WHAT NEEDS TO BE DONE
Beginning with the line that holds "Из теоретической механики: Не" in the data below, give again every line through the one that holds "пролегает вдоль берега", exactly as written.

PROVIDED INFORMATION
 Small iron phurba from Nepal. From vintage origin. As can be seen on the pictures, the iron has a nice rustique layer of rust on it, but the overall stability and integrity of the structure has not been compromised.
...
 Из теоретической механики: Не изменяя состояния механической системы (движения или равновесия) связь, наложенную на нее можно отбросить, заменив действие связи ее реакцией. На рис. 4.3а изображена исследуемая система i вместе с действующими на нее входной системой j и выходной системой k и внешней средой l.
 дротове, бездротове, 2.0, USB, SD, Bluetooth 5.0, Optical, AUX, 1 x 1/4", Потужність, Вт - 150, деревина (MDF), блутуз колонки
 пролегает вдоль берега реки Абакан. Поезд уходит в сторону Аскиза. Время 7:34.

RESULT FOR THIS EXERCISE
 Из теоретической механики: Не изменяя состояния механической системы (движения или равновесия) связь, наложенную на нее можно отбросить, заменив действие связи ее реакцией. На рис. 4.3а изображена исследуемая система i вместе с действующими на нее входной системой j и выходной системой k и внешней средой l.
 дротове, бездротове, 2.0, USB, SD, Bluetooth 5.0, Optical, AUX, 1 x 1/4", Потужність, Вт - 150, деревина (MDF), блутуз колонки
 пролегает вдоль берега реки Абакан. Поезд уходит в сторону Аскиза. Время 7:34.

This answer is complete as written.